In your new notebook, read in your chosen dataset from step 2. If you need a refresher
on how to read a file into a Dataframe, refer to the Chapter 2 lab.
Simple Linear Regression:
5.
Perform a simple linear regression using the ordinary least squares method on your
dataset.
a.
Fit and transform your model on the dataset.
b.
Produce the summary output of the fitted model.
c.
Produce predictions from your input data (X).
d.
Display a confidence interval for the predictions.
6.
Plot both the target and predictor variable, along with your newly created regression line.

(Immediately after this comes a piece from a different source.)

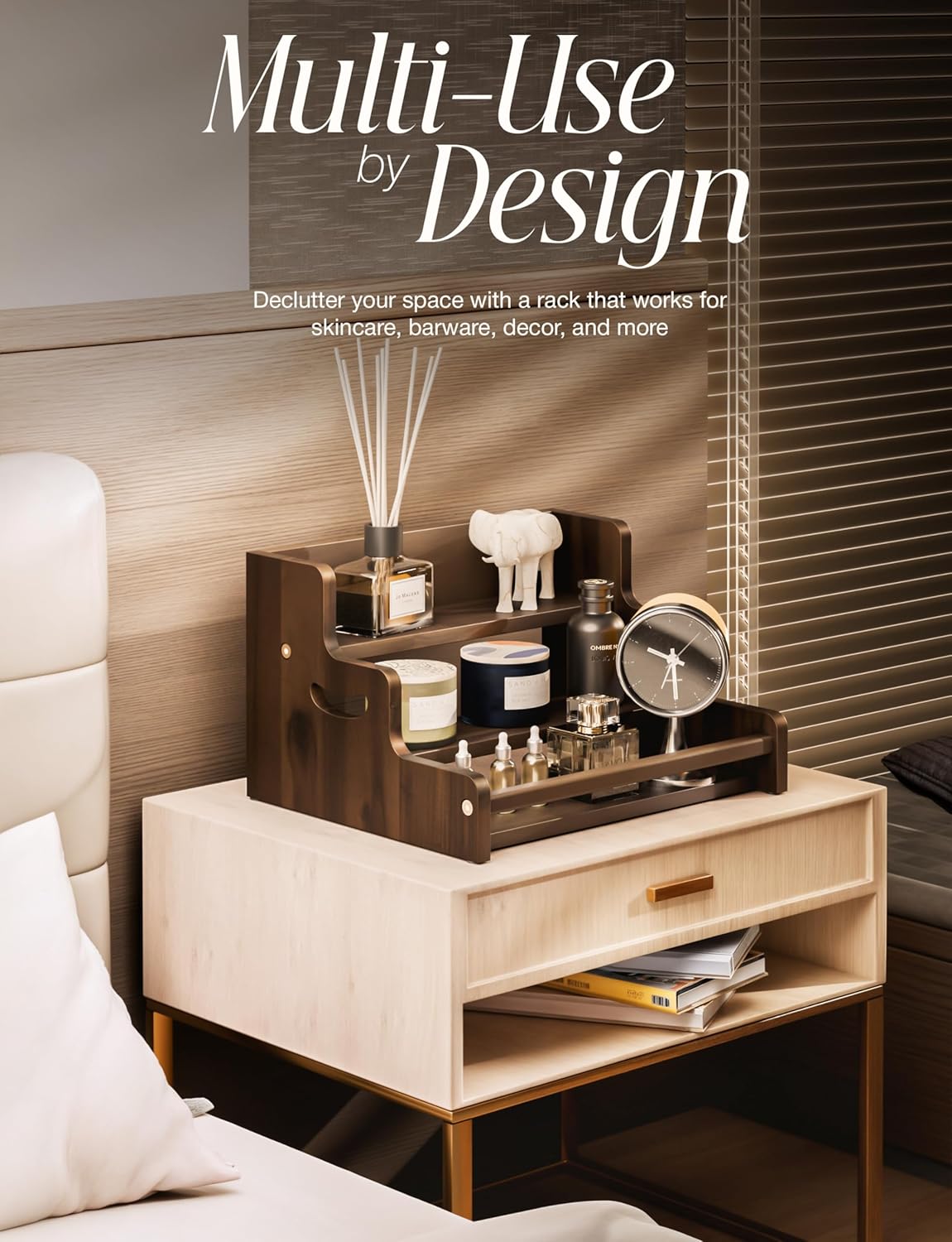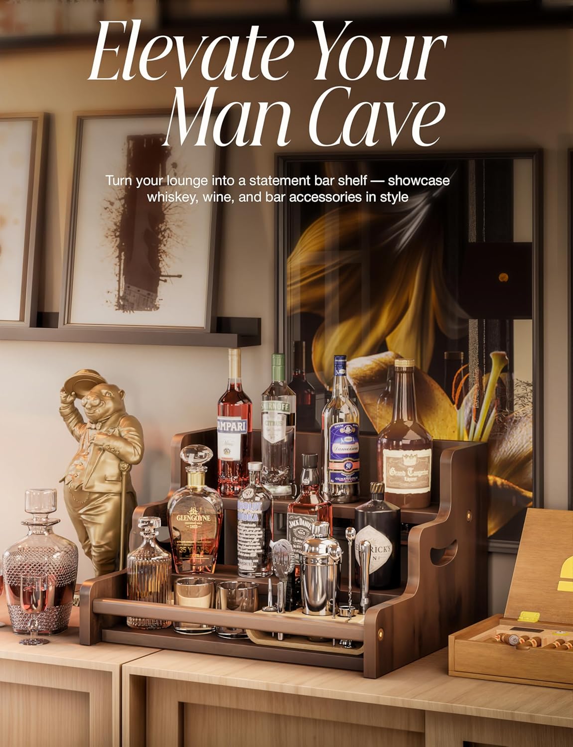 - Practical 3-Tier Stepped Shelf: The smart stepped design keeps bottles at different heights for clear visibility and easy access — ideal as a bottle organizer for countertop, wine holder, or liquor shelf to display whiskey, syrups, or collectibles with confidence.
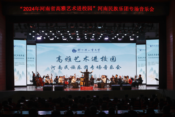 11月22日,“高雅艺术进校园活动”走进开云手机版登录入口,来自河南民族乐团的艺术家们为轻大师生奉献了一场特色鲜明、激情四溢的精彩演出。相关职能部门负责同志和师生代表在现场观看演出,1.5万余名师生通过线上直播收看演出。副校长肖艳秋出席并致辞。

You can use matplotlib like the textbook does, or you can use another library if you
prefer (
seaborn
is nice)
7.
Plot at least one of the following:
a.
The residuals of the model
b.
The “leverage statistics” or influence of your predictor of your model
Multiple Linear Regression:
8.
Perform a multiple linear regression using the ordinary least squares method on your
dataset.
a.
Fit and transform your model on the dataset.
b.
Summarize the model.
9.
Compute the variance inflation factor for each variable in the model.
10. Create an additional model to measure the “interaction term” of two of your predictor
variables.
Questions:
1.
If your dataset contains nominal variables (i.e. [“blue”, “red”, “green”]), you can encode
these using “one-hot encoding” (this would create multiple binary variables, i.e.
[“is_blue”,”is_red”,”is_green”]) If the dataset contains ordinal variables (i.e.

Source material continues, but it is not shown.